Женщина обернулась к нему, и глаза у нее были круглые, что твои тарелки.

– Что ты говоришь такое? – сказала она. – Только попробуй за мной пойти – и я на тебя собаку спущу, ей-ей. – И сердито двинулась она восвояси.

Миг помедлив, Философ пошел своей дорогой через холм.

День уже был вовсе не юн, Философ брел вперед, и счастливый покой окрестностей вновь проник в его сердце и пригасил раздумья о толстой женщине, и вскоре она сделалась лишь приятным любопытным воспоминанием, не более. Ум Философа вовлекался поверхностно – не размышлял он, а диву давался, как вышло поцеловать постороннюю женщину. Философ сказал себе, что такое вот поведение неправильно, однако утверждение это – попросту машинальная работа ума, натасканного отличать правильное от неправильного, ибо, чуть ли не на одном дыхании, Философ уверил себя, что поступок его не значил вовсе ничего. Мнения у Философа претерпевали занятную перемену. Правильное и неправильное сближались и сплавлялись так тесно, что стало трудно рассечь их, и хула, какой предают одно, казалась теперь несоразмерной важности его, тогда как другое нисколько не соответствовало хвале, с коей его соотносили. Есть ли хоть какое-то прямое или пусть даже косвенное воздействие зла на жизнь, не уравновешенное в тот же миг добром? Впрочем, эти утлые рассуждения трогали его совсем недолго. Ни к каким умозрительным изысканиям не питал он ни малейшей тяги. Чувствовать подобное великое довольство уже достаточно само по себе. Отчего мысль должна быть для нас столь очевидной, такой настойчивой? Неведомо нам, что у нас есть органы пищеварения или кровоснабжения, покуда не выйдут они из строя, а затем томимся мы от этого знания. Не лучше ли трудам здорового мозга протекать в той же мере подпочвенно и не менее умело? Зачем вынуждены мы думать вслух и натужно продираться от силлогизма к эрго, привередливые к своим выводам и недоверчивые к предпосылкам? Мысль, какой нам она известна, – недуг, не более того. Здоровый ум пусть предъявляет плоды, а не труды. Уши наши пусть не улавливают гомона умственных сомнений, пусть не вынуждают их выслушивать все «за» и «против», от коих нам докука вечная и смута.
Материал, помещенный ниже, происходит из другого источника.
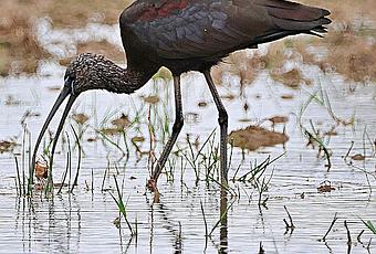 Morito Común (Plegadis falcinellus) un depredador y recolector generalista que se adapta a los recursos disponibles en sus hábitats preferidos de alimentación, en especial, los ambientes encharcados y humedales.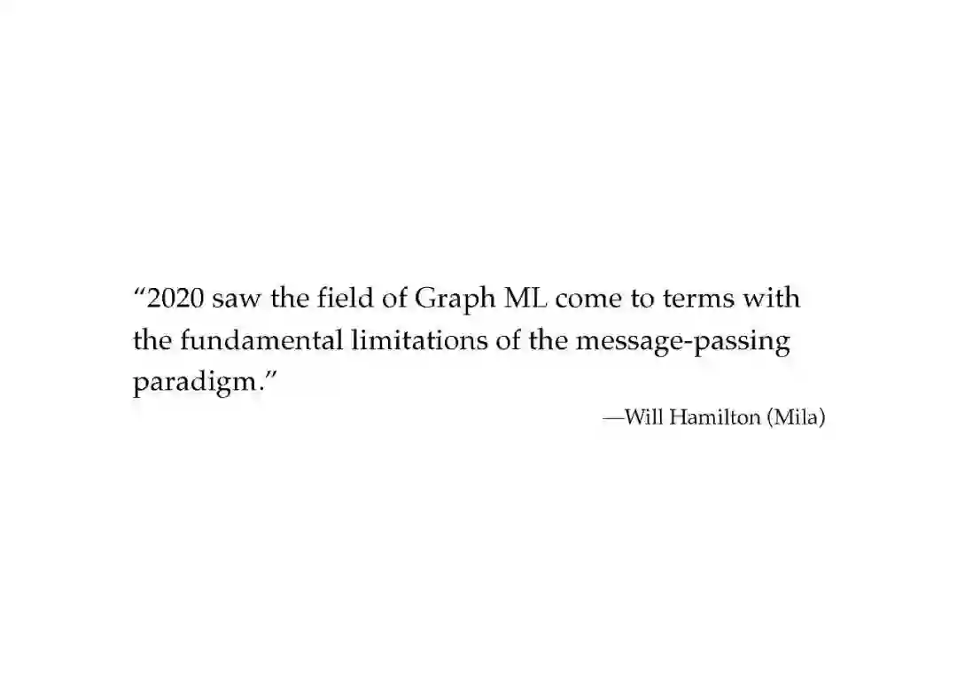 消息传递仍然是 GNN 的主导范式。在 2020 年,研究社区意识到了了消息传递 GNN 的不足之处,并寻求这种范式之外的更具表现力的架构。2021 年,很明显,消息传递仍然占据主导地位,因为有的研究工作表明,将 GNN 应用于子图可以获得更好的表达能力。

Дорога вилась, будто лента, то поближе к горам, то подальше. По обе стороны тянулись изгороди да кустарники – мелкие, жесткие деревца, что держали листву свою в ладонях и подначивали ветер, пусть-де попробует вырвать хоть один листочек из этой хватки. Холмы то вздымались, то опадали – то впадина, то выпуклость, куда ни глянь. Вот тишину спугнул падучий перезвон потока. Вдали забасила корова – тихим глубоким однозвучьем, а то вот козий клич продрожал из ниоткуда в никуда. Но в основном стояла тишина, жужжавшая многообразием мелкой крылатой жизни. Взбираясь на холм, Философ подавался вперед согласно уклону, решительно топая, чуть ли не фыркая, словно бык в приливе спорой силы. Спускаясь с холма, кренился он назад, позволял ногам волю, какая им угодна. Не ведомо ли им разве дело их? Вот и удачи им, полный вперед!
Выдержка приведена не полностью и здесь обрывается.